99 2340.702466078339
199 1554.2998485804023
299 1033.2621478778576
399 687.9966575224632
499 459.1737648492539
599 307.4994241573625
699 206.94633450518404
799 140.27272720480255
899 96.05539325798216
999 66.72510444116288
1099 47.26564733295402
1199 34.35222344563479
1299 25.780770833896106
1399 20.08993395821267
1499 16.310617814669083
1599 13.800045579097526
1699 12.131792149072778
1799 11.022901060325921
1899 10.285571832022322
1999 9.795129215912723
Result: y= -0.010919999357367796 + 0.828043194680475x + 0.0018838815987195895x^2 + -0.08924839845797145x^3


###  PyTorch: Tensors

numpy와 대비되는 tensor의 가장 큰 장점은, **GPU**를 사용 할 수 있다는 점이다(사실 그 외의 다른점에서는 그다지 크게 다르지 않다고 한다)

In [2]:
import torch
import math

dtype= torch.float
device= torch.device('cpu')

# create random input and output data
x= torch.linspace(-math.pi, math.pi, 2000, device= device, dtype= dtype)
y= torch.sin(x)

# randomly initialize weights
a= torch.randn((), device= device, dtype= dtype)
b= torch.randn((), device= device, dtype= dtype)
c= torch.randn((), device= device, dtype= dtype)
d= torch.randn((), device= device, dtype= dtype)

learning_rate= 1e-6
for t in range(2000):
    # forward pass - compute predicted y
    y_pred= a + b*x + c*(x**2) + d*(x**3)
    
    # compute and print loss
    loss= (y_pred - y).pow(2).sum().item()
    if t % 100 == 99:
        print(t, loss)
    
    # back propagation to compute gradients of a, b, c, d with respect to loss
    grad_y_pred= 2.0 * (y_pred - y)
    grad_a= grad_y_pred.sum()
    grad_b= (grad_y_pred * x).sum()
    grad_c= (grad_y_pred * x ** 2).sum()
    grad_d= (grad_y_pred * x ** 3).sum()
    
    a -= learning_rate * grad_a
    b -= learning_rate * grad_b
    c -= learning_rate * grad_c
    d -= learning_rate * grad_d
    
print('Result: y= {} + {}x + {}x^2 + {}x^3'.format(a, b, c, d))

99 127.18893432617188
199 90.88992309570312
299 65.77717590332031
399 48.3851432800293
499 36.328285217285156
599 27.961936950683594
699 22.151092529296875
799 18.111495971679688
899 15.300758361816406
999 13.343435287475586
1099 11.979296684265137
1199 11.027802467346191
1299 10.3636474609375
1399 9.899721145629883
1499 9.575419425964355
1599 9.348576545715332
1699 9.189800262451172
1799 9.078601837158203
1899 9.000678062438965
1999 8.946041107177734
Result: y= -0.011340231634676456 + 0.8530916571617126x + 0.001956378808245063x^2 + -0.09281131625175476x^3


당연히 성능에는 차이가 없다. device='cuda'로 설정 시 속도가 차이날 수는 있음

---
## Autograd
### PyTorch: Tensors and autograd

위의 예시에서는 직접 forward pass와 backward pass를 구현하였지만, 실제로는 backward pass를 구현할 필요가 없다. **Autograd**의 존재 덕분. (autograd에 대한 자세한 내용은 Tutorial_Autograd에서 다룸)

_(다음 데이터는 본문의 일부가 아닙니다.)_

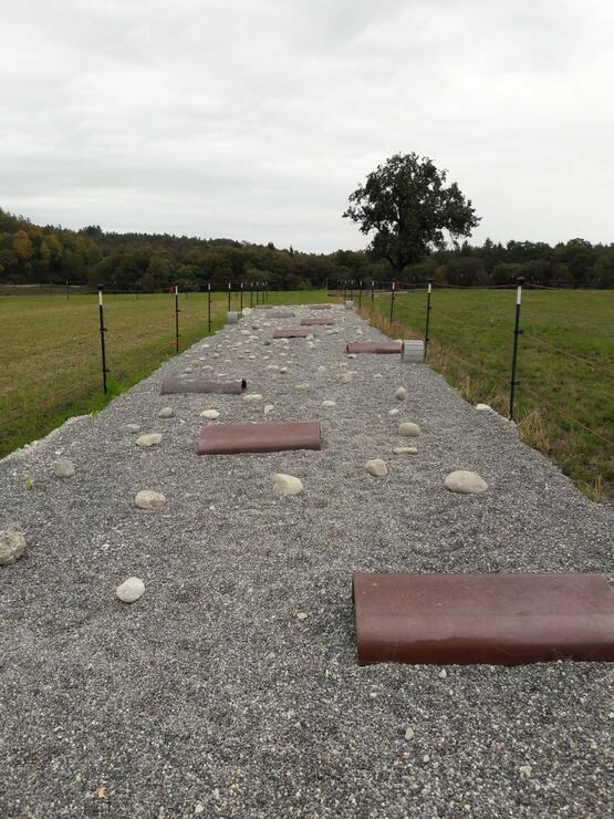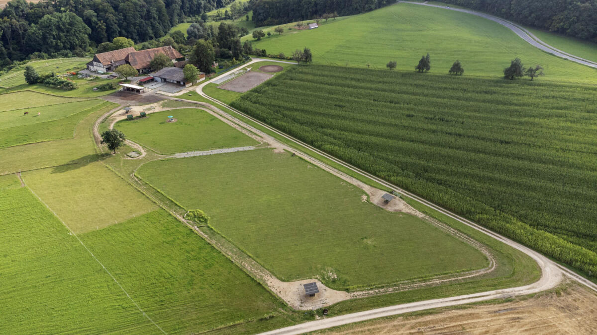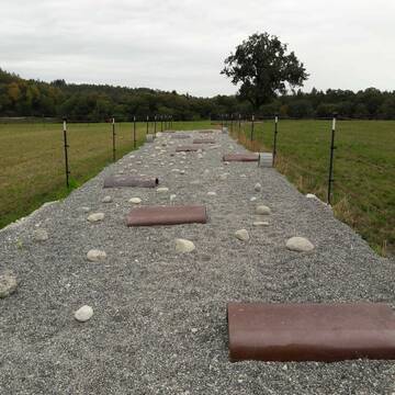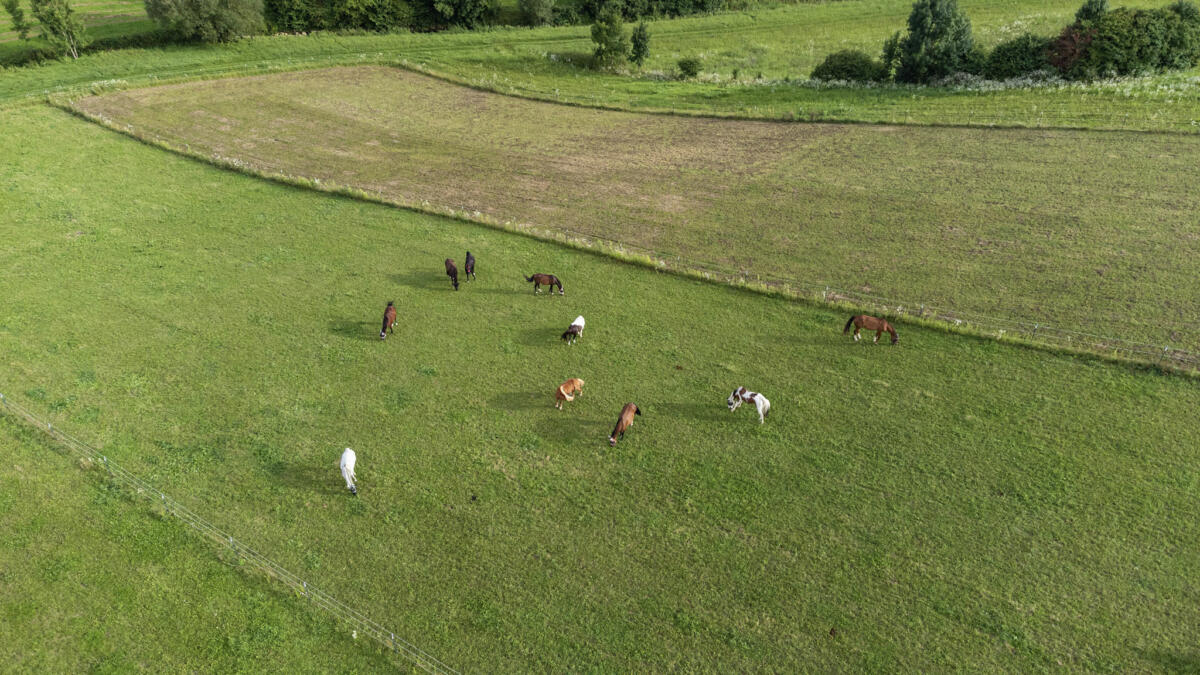 Wir bieten der Herde eine großflächige Stall-/Paddockanlage mit dauerhaftem Zugang zum weitläufigen Paddock Trail von rund 500m Länge. Neben verschiedenen Beschäftigungsstationen (Sandbad, Steinweg...) steht den Pferden/Kleinpferden ein großer Innenbereich mit Krankenbox, 24 Stunden Grundfutter und viel Weideland (insgesamt 7 ha) zur Verfügung.
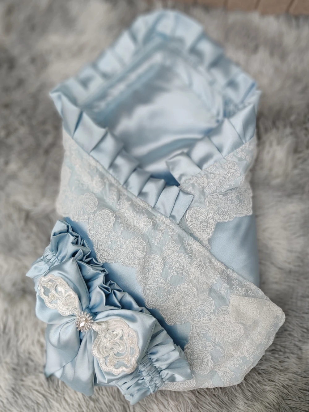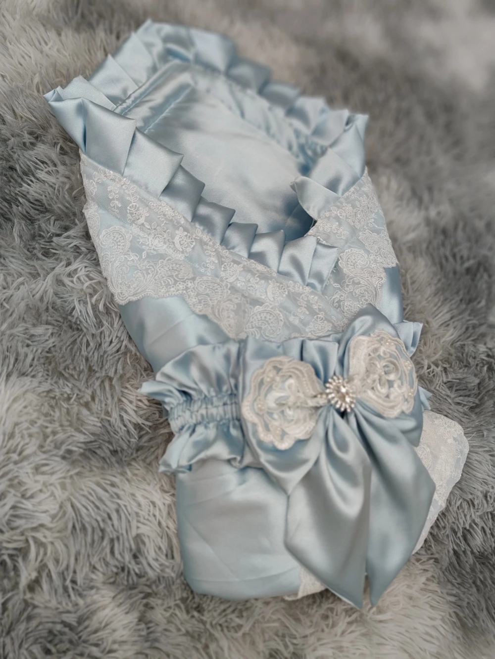 The Princess set is trimmed with delicate lace and embellished with thousands of rhinestones and gems.
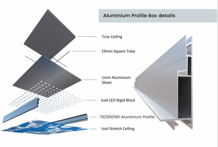 The boxing provides structural support and stability for the stretch ceiling material It helps to evenly distribute tension and weight across the ceiling surface, preventing sagging or distortion over time.

따라서 우리는 forward pass로 network가 가지는 computational graph를 설계해주고, autograd가 backward pass를 진행하도록 ``.backward()``를 불러주기만 하면 된다.

* ``tensor.item()`` - element가 1개밖에 없는 tensor에서, 그 element의 값을 scalar로 반환
* weight을 update할 때에는 연산을 추적할 필요가 없으므로 ``with torch.no_grad()``:로 감싼다!
* weight을 update할 때에는 매 update후 gradient를 초기화(clear)해야 함.

In [3]:
import torch
import math

dtype= torch.float
device= torch.device('cpu')

x= torch.linspace(-math.pi, math.pi, 2000, device= device, dtype= dtype)
y= torch.sin(x)

# create random tensors for weights
# set requires_grad=True to indicate we want to compute gradients of these Tensors during backward pass
a= torch.randn((),  device= device, dtype= dtype, requires_grad=True)
b= torch.randn((),  device= device, dtype= dtype, requires_grad=True)
c= torch.randn((),  device= device, dtype= dtype, requires_grad=True)
d= torch.randn((),  device= device, dtype= dtype, requires_grad=True)

learning_rate= 1e-6
for t in range(2000):
    # forward pass
    y_pred= a + b*x + c*(x**2) + d*(x**3)
    
    # compute loss, which is scala value here
    loss=  (y_pred - y).pow(2).sum()
    if t % 100 == 99:
        # tensor.item() -> only to tensor with only one element, its value to scalar
        print(t, loss.item())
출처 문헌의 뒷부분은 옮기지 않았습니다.